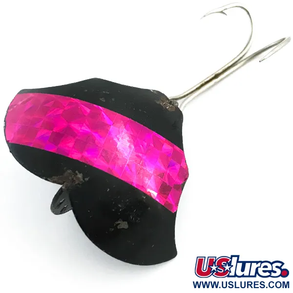 Tato nástraha o hmotnosti 14 g (1/2 oz) má kompaktní tělo o délce 3,5 cm (1 1/2"), které demonstruje jedinečnou konstrukci společnosti Prescott Spinner Company. Černě smaltovaný povrch je protnut širokým holografickým purpurově růžovým pásem, který poskytuje vysoce kontrastní reflexní prvek na tmavém podkladu. Na vnitřní straně křídlové struktury je přímo do kovu vyražen název „Baby“, který tento model identifikuje jako Baby Bat pod produktovým kódem 5456. Osazení tvoří robustní dvojháček připevněný k drátěnému očku, což je konstrukce určená pro odolnost při zachování bezpečného držení. Tento exemplář vyrobený v USA si udržuje stav 4/5, vykazuje dobře zachovaný lak a čistou holografickou aplikaci, pouze s mírnými známkami stáří na ramínku háčku a podél kovových hran.
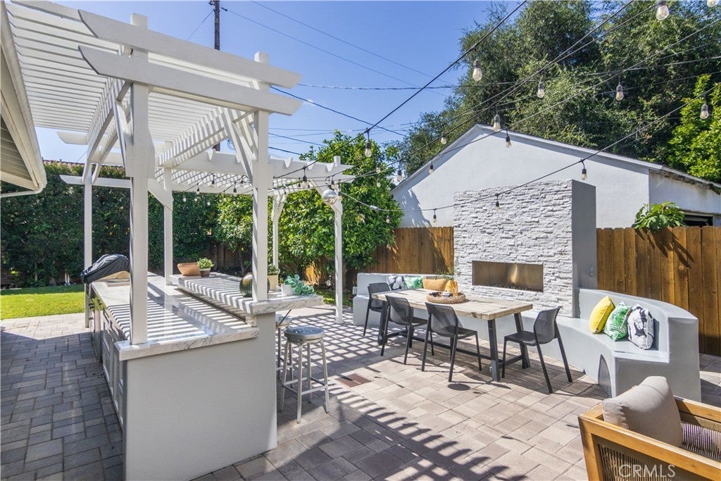 Nestled in the exclusive Studio area of Burbank, this large and impressive home has 4 Bedrooms, 4 Baths, step down Living Room with with a sophisticated Fireplace and Bay Window seat, that exude elegance and relaxation ready to enjoy. The incredible eat-in Kitchen has an artistic quartzite island,where you can taste the the finest wines, and sample sizzling food prepared in the gourmet, high end appliances, including an induction range. The maple cabinets have pull-out drawers, a walk in pantry, and a security camera that displays guests visiting from outside the home. There are 2 Primary suites, both with baths, and both with walk in Closets. The Primary Bedroom has both a "His and Her" walk in closets: There is an Office, Formal Dining room, Laundry room with an additional refrigerator, Family room with built-in cabinetry and French doors, that look out into the lush and private garden. The Rear Yard has fabulous features: Full outdoor Quartzite counter top kitchen with a built in gas grill, 2 additional cooking burners, refrigerator, smart TV, luxurious gas fireplace with muti colored night lighting, and built in seating. You can watch the drama of the sunset while grilling, keeping up with your favorite sports score, and pull a fresh Meyer lemon from the tree to enjoy the drink of your choice! This grand home boasts the following features: New Floors, new carpet on the stairs, gorgeous tile, newer central air, new roof, solar panels fully paid for, whole house water softener, wired for Fiber Optic Wifi, an automatic Doggy Door that operates with a collar magnet, double pane windows, the following Fruit Trees: Navel Orange, Meyer lemon, Bearss Lime, Avocado, and more. There is a crazy big 3 Car Garage that could be a studio, gym, extended for an adu (check with the City), and has a 4th parking spot outside the garage. So much space and proximity to studios, restaurants, St. Joseph's Hospital, Providence Schools, this location is a wonderful place to live!
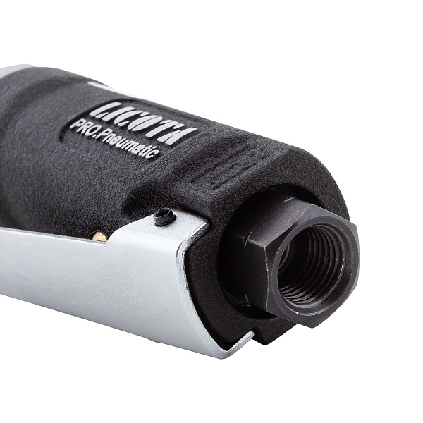 Корпус пневмотрещотки выполнен из алюминия. Малый размер — 165 мм и вес — 0,5 кг позволяют оператору работать с крепежом в труднодоступных местах.
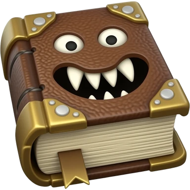 book emoji, small leather-bound spellbook with stitched spine, jagged sharp teeth along opening pages like jaws, glowing round eyes on cover, slightly worn cover, mischievous aggressive expression, fantasy creature, centered, simple background, high detail, 3D emoji style, soft lighting emoji

- _Assignment_:
What you return should be the whole listing, word for word, without its pictures.

- _Exercise result_:
 Tato nástraha o hmotnosti 14 g (1/2 oz) má kompaktní tělo o délce 3,5 cm (1 1/2"), které demonstruje jedinečnou konstrukci společnosti Prescott Spinner Company. Černě smaltovaný povrch je protnut širokým holografickým purpurově růžovým pásem, který poskytuje vysoce kontrastní reflexní prvek na tmavém podkladu. Na vnitřní straně křídlové struktury je přímo do kovu vyražen název „Baby“, který tento model identifikuje jako Baby Bat pod produktovým kódem 5456. Osazení tvoří robustní dvojháček připevněný k drátěnému očku, což je konstrukce určená pro odolnost při zachování bezpečného držení. Tento exemplář vyrobený v USA si udržuje stav 4/5, vykazuje dobře zachovaný lak a čistou holografickou aplikaci, pouze s mírnými známkami stáří na ramínku háčku a podél kovových hran.
 Nestled in the exclusive Studio area of Burbank, this large and impressive home has 4 Bedrooms, 4 Baths, step down Living Room with with a sophisticated Fireplace and Bay Window seat, that exude elegance and relaxation ready to enjoy. The incredible eat-in Kitchen has an artistic quartzite island,where you can taste the the finest wines, and sample sizzling food prepared in the gourmet, high end appliances, including an induction range. The maple cabinets have pull-out drawers, a walk in pantry, and a security camera that displays guests visiting from outside the home. There are 2 Primary suites, both with baths, and both with walk in Closets. The Primary Bedroom has both a "His and Her" walk in closets: There is an Office, Formal Dining room, Laundry room with an additional refrigerator, Family room with built-in cabinetry and French doors, that look out into the lush and private garden. The Rear Yard has fabulous features: Full outdoor Quartzite counter top kitchen with a built in gas grill, 2 additional cooking burners, refrigerator, smart TV, luxurious gas fireplace with muti colored night lighting, and built in seating. You can watch the drama of the sunset while grilling, keeping up with your favorite sports score, and pull a fresh Meyer lemon from the tree to enjoy the drink of your choice! This grand home boasts the following features: New Floors, new carpet on the stairs, gorgeous tile, newer central air, new roof, solar panels fully paid for, whole house water softener, wired for Fiber Optic Wifi, an automatic Doggy Door that operates with a collar magnet, double pane windows, the following Fruit Trees: Navel Orange, Meyer lemon, Bearss Lime, Avocado, and more. There is a crazy big 3 Car Garage that could be a studio, gym, extended for an adu (check with the City), and has a 4th parking spot outside the garage. So much space and proximity to studios, restaurants, St. Joseph's Hospital, Providence Schools, this location is a wonderful place to live!
 Корпус пневмотрещотки выполнен из алюминия. Малый размер — 165 мм и вес — 0,5 кг позволяют оператору работать с крепежом в труднодоступных местах.
 book emoji, small leather-bound spellbook with stitched spine, jagged sharp teeth along opening pages like jaws, glowing round eyes on cover, slightly worn cover, mischievous aggressive expression, fantasy creature, centered, simple background, high detail, 3D emoji style, soft lighting emoji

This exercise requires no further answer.